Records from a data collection
- - -
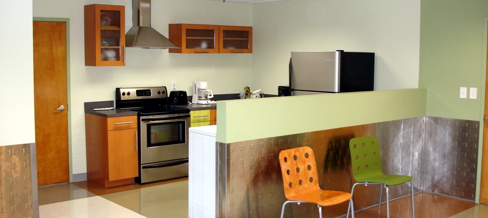 Redesign and buildout of a 200 bed, 60,000 sq ft health care facility. Project included entrance, lobby, hallways, and other areas including patient, shower, family, day, dining, and therapy rooms. Exterior work included custom stone waterfall signage, awning, stone/stucco, new roof, and landscaping.
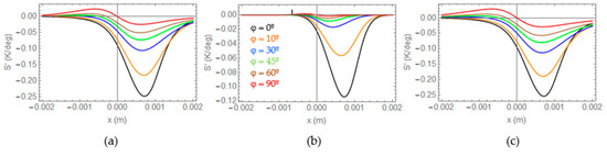In Figure 6a, we represent S’ along the OX-axis at the end of a τ = 5 s burst (μτ = 1.6 mm) for the same standard heat source (w = h = 1 mm) buried d = 0.5 mm below the surface emitting a flux of Φ = 40 kW/m2, and several inclinations, namely, φ = 0°, 10°, 30°, 45°, 60°, and 90°. For φ = 90°, the maximum depth of the heat source is dmax = 1.5 mm, of the same order as μτ.
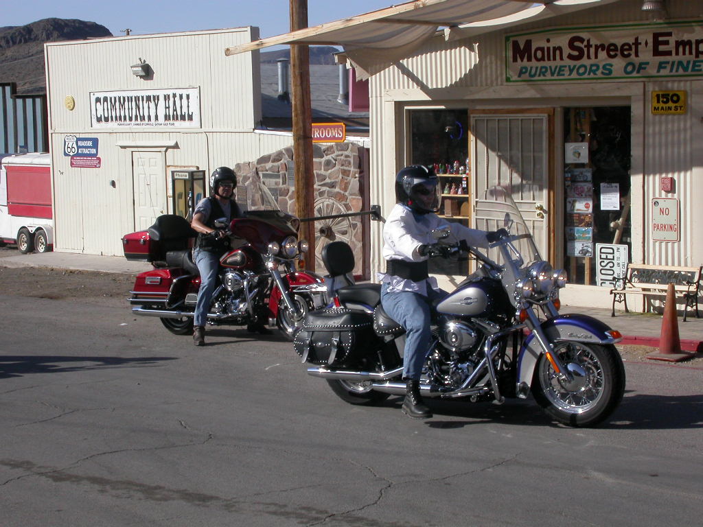 Nach dem einem kurzen Stopp beim lokalen Harley-Dealer wurde das längste noch zusammengehörende Stück der 'Mother-Road' von Kingman nach Seligman in freier Fahrt unter die Räder genommen. Dieses freie Fahren artete aber eher zum freien Jagen im Harley-unüblichen Tiefflugtempo aus und die Zeitzeugen der Route 66, welche zu einem kurzen Stopp einladen, wurden regelrecht links und rechts liegen gelassen.
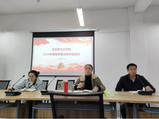 2024年3月14日下午,太阳成集团tyc于雨母校区崇德楼418会议室召开了2024年春季学期全体员工会议。公司党委书记何小英、副经理周江平出席会议并讲话。会议由辅导员何芳老师主持,太阳成集团tyc全体在校研究生参加会议。
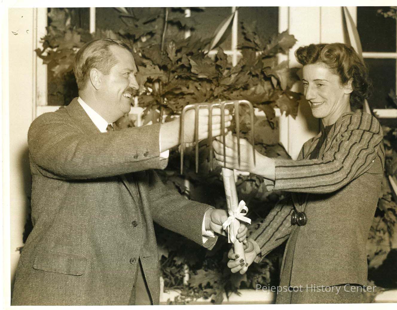 Sumner Sewall, governor of Maine, holds a beribboned clamming hoe with a lady. Undated
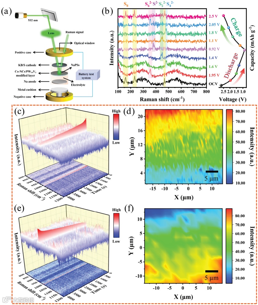 图1. (a)原位拉曼电化学池组装及工作机制示意图;(b)Co-NCs/PW10V2改性隔膜在恒流充放电过程中的原位拉曼光谱图;(c, e)PW10V2在充放电过程中的原位拉曼电化学表征;(d, f)充放电过程中在1010 cm-1处特征峰强度变化的原位拉曼映射图
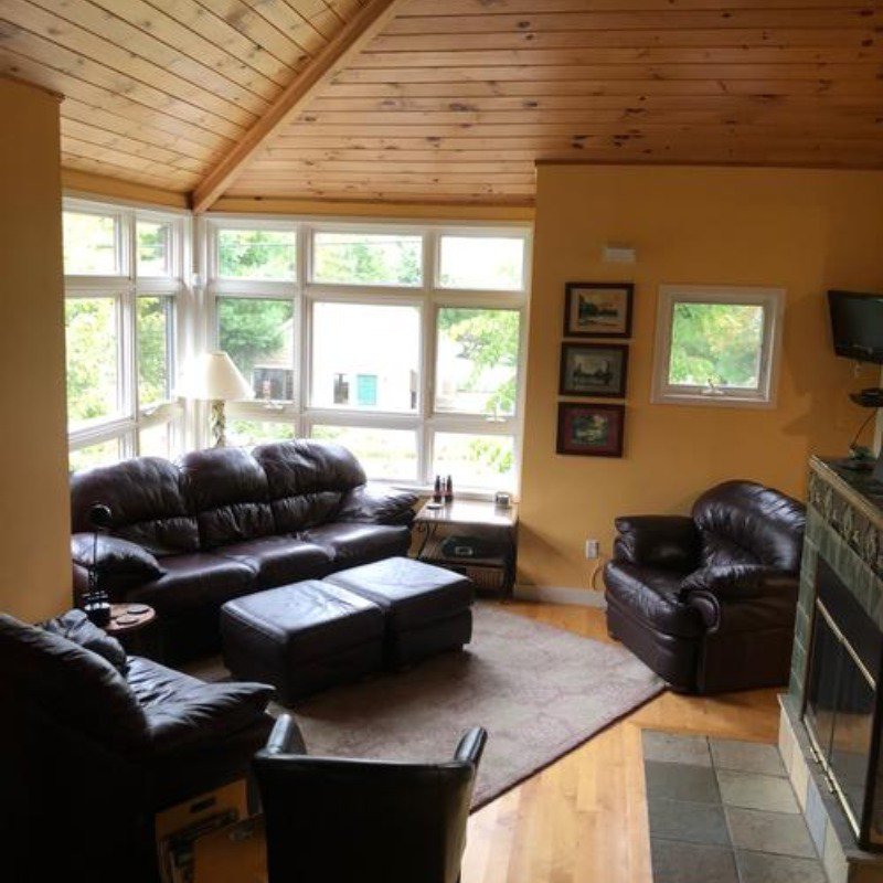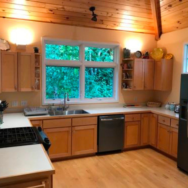 Our house is a 4 BR and 4 BA modern house on the north side of the Institution. Vaulted Wood Beam Ceilings in the Family Room, Gourmet Kitchen, Stainless Appliances, Leather Furniture, Linens, A/C, Cable TV, Wifi, W/D's, Bikes, Decks, Gas Grill, Outside parking for 2 cars, Cleaning weekly.
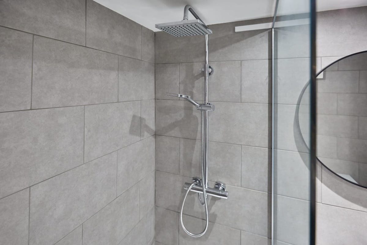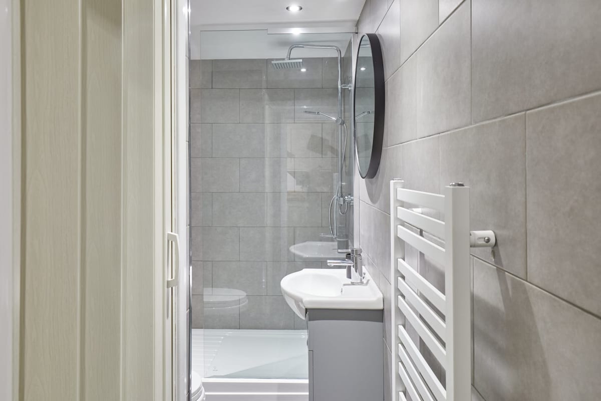 The family bathroom is located just off the kitchen. Ultra modern and clean, this space features a walk in shower, WC and basin.
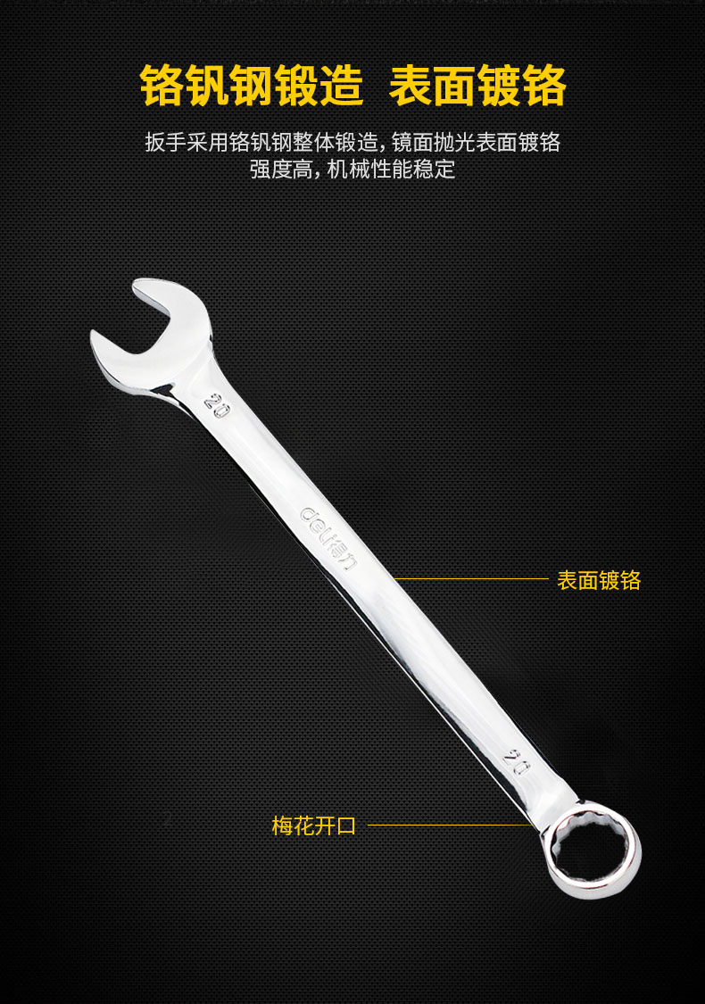 “deli/得力”DL130013 兩用扳手 單把裝(鏡面13mm多功能開口梅花雙頭呆扳手)
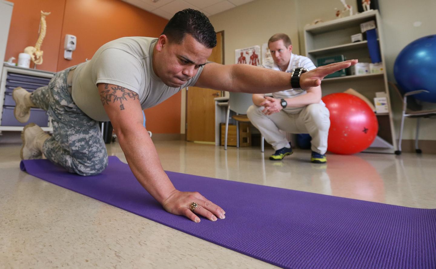 image: Capt. Israel Orengo is evaluated by physical therapist Tyler Snow at Madigan Army Medical Center in 2015. Snow was one of the researchers on an Army study that looked at incorporating alternative methods such as acupuncture and biofeedback into pain management. A new study based on VA records suggests long-term benefits from service members' non-drug pain treatment.
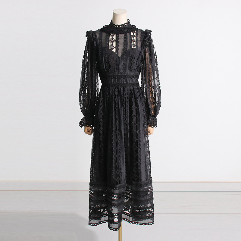 Retro Bohemian Mesh Hollow Out Stand Collar Dress
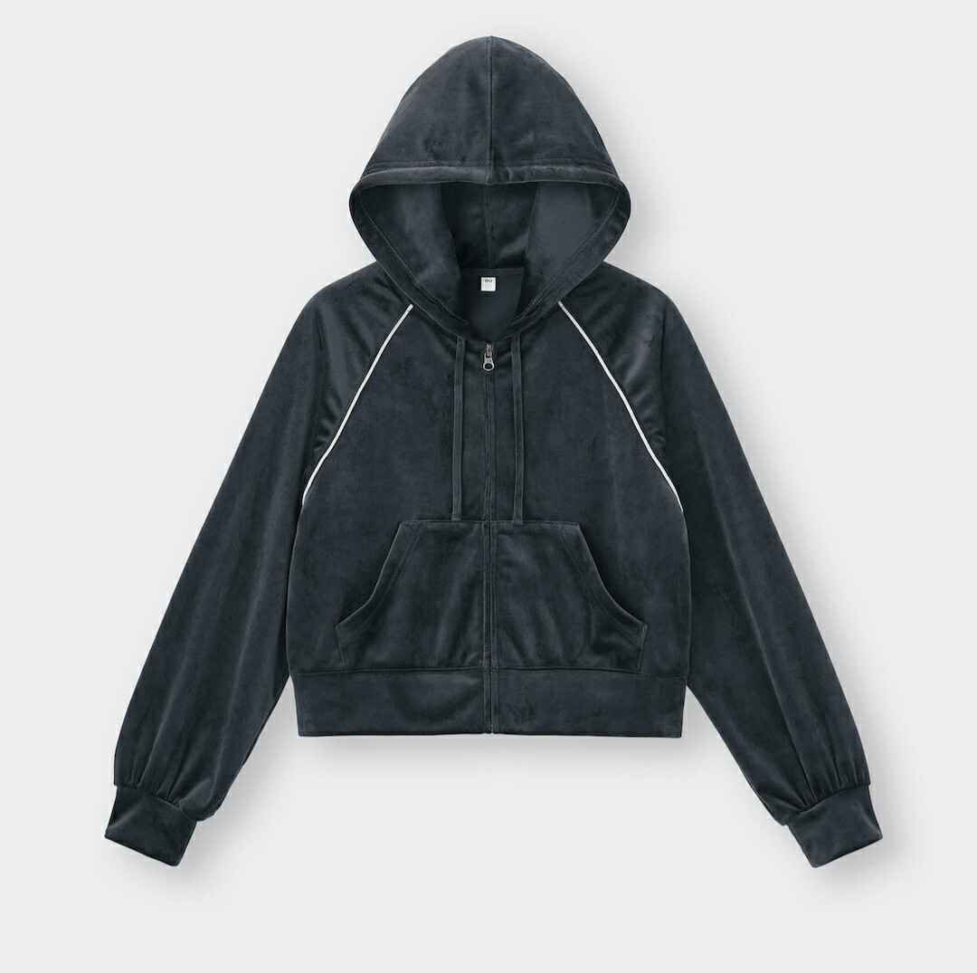 > Lサイズ 新品 ベロアフルジップパーカー ダークグレー 長袖 GU ベロアパーカー 送料無料
- - -
Directions:
When you find the line that contains "Retro Bohemian Mesh", retype it and every line after it through the end of the data above, exactly, with no pictures.

Answer space:
 Retro Bohemian Mesh Hollow Out Stand Collar Dress
 > Lサイズ 新品 ベロアフルジップパーカー ダークグレー 長袖 GU ベロアパーカー 送料無料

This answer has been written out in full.